Well, about the time our NPR affiliate ran a locally-produced story about this (they've changed their website and it's not online), I started to get alarmed. A few facts worth considering:
- Cascades, the signature hop of the NW and one you find in at least half the beers brewed here, was selling at $1.70 a pound last year, when the last of a backlog was finally exhausted. A month ago they were selling at $10 a pound. The 1,000 acres of Cascades are 300-400 short--and no new acres are being planted.
- Hop supplies from around the world are down, thanks to a hailstorm in Slovenia and a poor crop in the Czech Republic. This will increase pressures on hop supplies coming from the US.
- Hop acreage is down from over 200,000 acres from the 80s into the early 90s to just 123,000 acres now. It takes three years for a hop vine to reach full production.
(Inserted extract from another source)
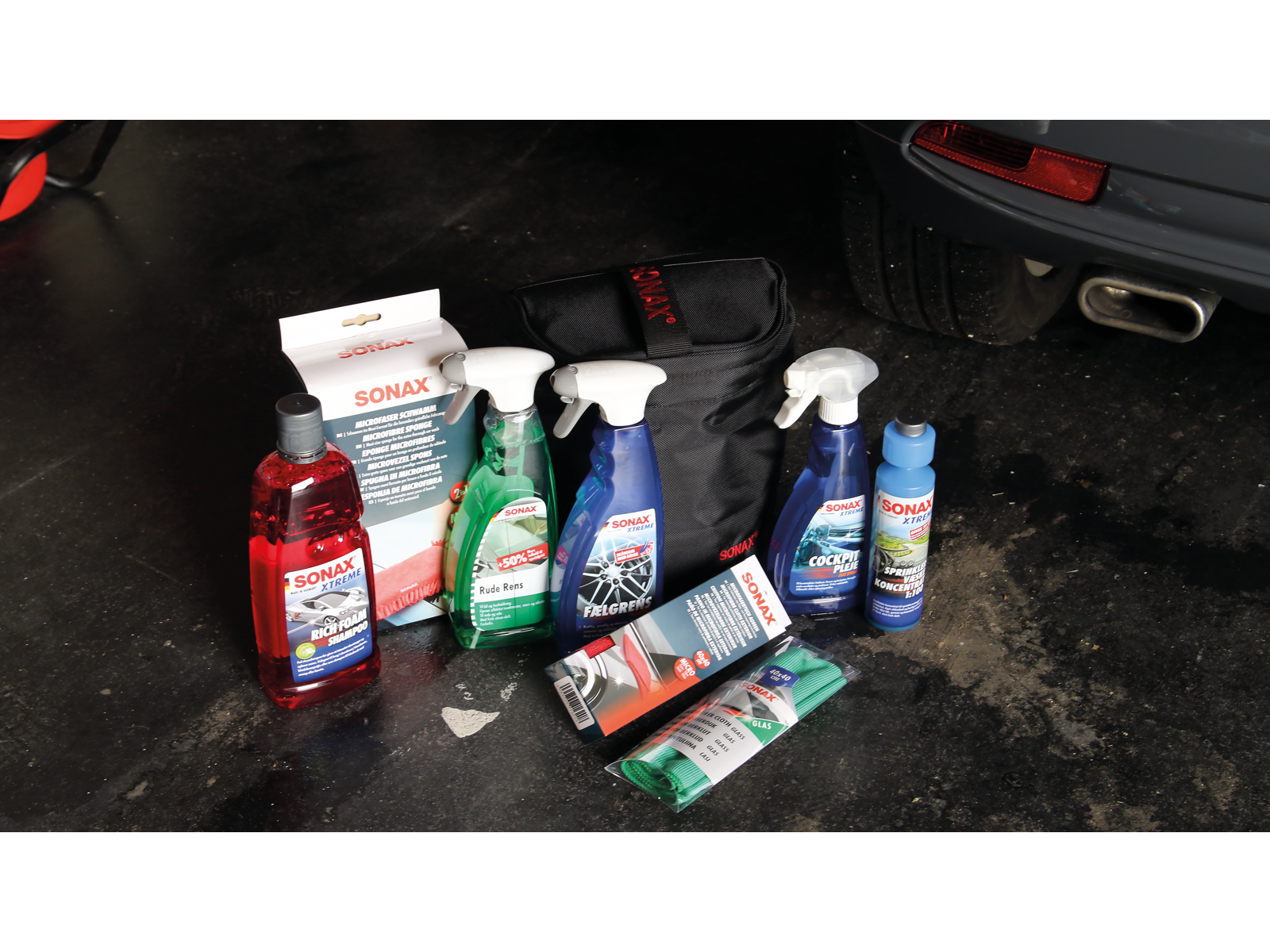 Denne komplette pakke indeholder alt, hvad du behøver for at få et skinnende resultat, uanset om du står over for indvendig eller udvendig pleje. Med en praktisk plejetaske har du nemt adgang til Sonax Xtreme fælgrens, cockpitpleje, RichFoam shampoo og ruderens, som garanterer effektiv rengøring.
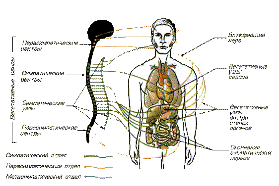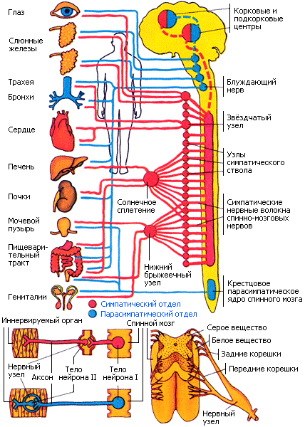 | Деятельность вегетативной нервной системы регулирует работу всех внутренних органов, приспосабливая их к потребностям всего организма | ||||||||

At the very least, beer is going to cost a lot more for craft brewers to brew: they can't easily substitute varieties, which will cause the supply of certain hops to spike. Where the bigs could take advantage of other types, craft brewers are going to have to bite the bullet and shell out. At the worst, breweries may have to experiment with different varieties and hope to approximate the beer's character. This will hurt bottling breweries more than brewpubs, where variability is embraced. Can you imagine the consequences of a beer like BridgePort IPA having to change its recipe? Oy.
If there's a silver lining for breweries, it's that this may force certain innovations--experimentation with new hop varieties, use of non-hop bittering adjuncts, new, low-hop styles. This would actually be a wonderful thing, but the cost may be high.
Brewing isn't a high-margin business. Thanks to the run on ethanol, barley production has lost acreage to corn, which is also driving price increases. Breweries will have to choose whether to cut margins even more or raise prices. If they cut prices, can they stay solvent? And if they raise prices, will they lose market share? Craft breweries will be at a competitive disadvantage to bigger breweries, which can absorb costs more easily. The result could be a downturn in the craft market, and a shakeout that kills off smaller or more unstable brewers. This happened a decade ago, and it was ugly.
I'll quit taking this so lightly and try to keep an eye on what's happening. Stay tuned.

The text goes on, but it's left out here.